Exercise data START

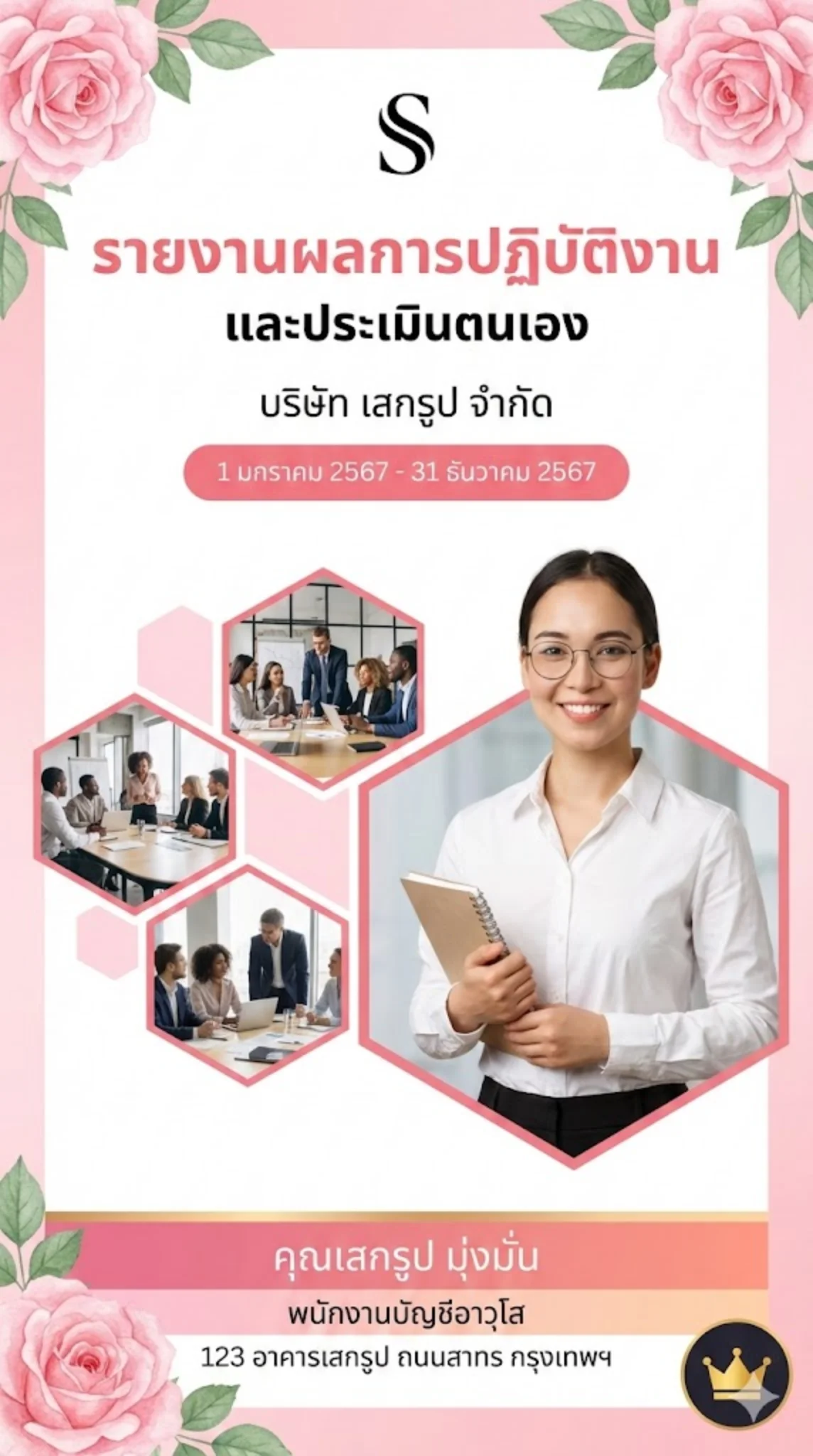 #แนะนำพนักงาน#รายงานผลงาน#โปสเตอร์แนวตั้ง#ธีมดอกไม้#สีชมพู#profile#resume#organization
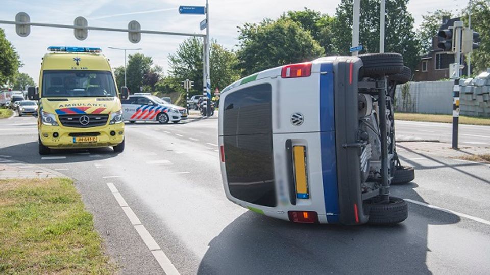 Een bestelbus is maandagochtend op zijn kant terecht gekomen na een botsing met een personenauto. Bij het ongeluk raakte de bestuurder van de bestelbus gewond.
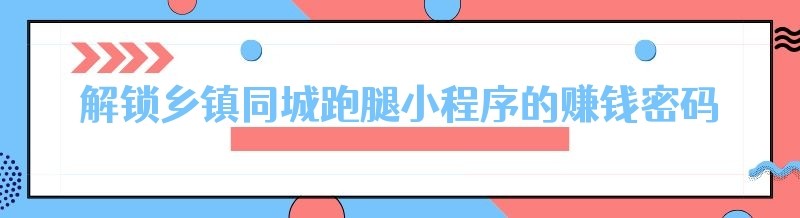 解锁乡镇同城跑腿小程序的赚钱密码:真的有那么难吗?
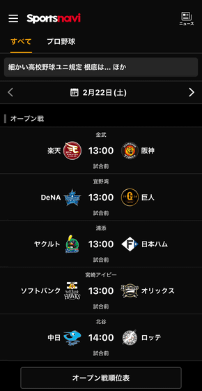 実際にSafari以外のアプリでも広告をブロックできるのか確認するために、まずは280blockerをオンにする前の状態でスポーツ速報のアプリを開いてみました。すると、試合情報一覧の上部に広告が表示されています。

Exercise data END

> What is required
Only the lines from the top of the material above down to the line bearing "解锁乡镇同城跑腿小程序的赚钱密码:真的有那么难吗?", that line included, should be set down exactly; no pictures.

> Reply to the task
 #แนะนำพนักงาน#รายงานผลงาน#โปสเตอร์แนวตั้ง#ธีมดอกไม้#สีชมพู#profile#resume#organization
 Een bestelbus is maandagochtend op zijn kant terecht gekomen na een botsing met een personenauto. Bij het ongeluk raakte de bestuurder van de bestelbus gewond.
 解锁乡镇同城跑腿小程序的赚钱密码:真的有那么难吗?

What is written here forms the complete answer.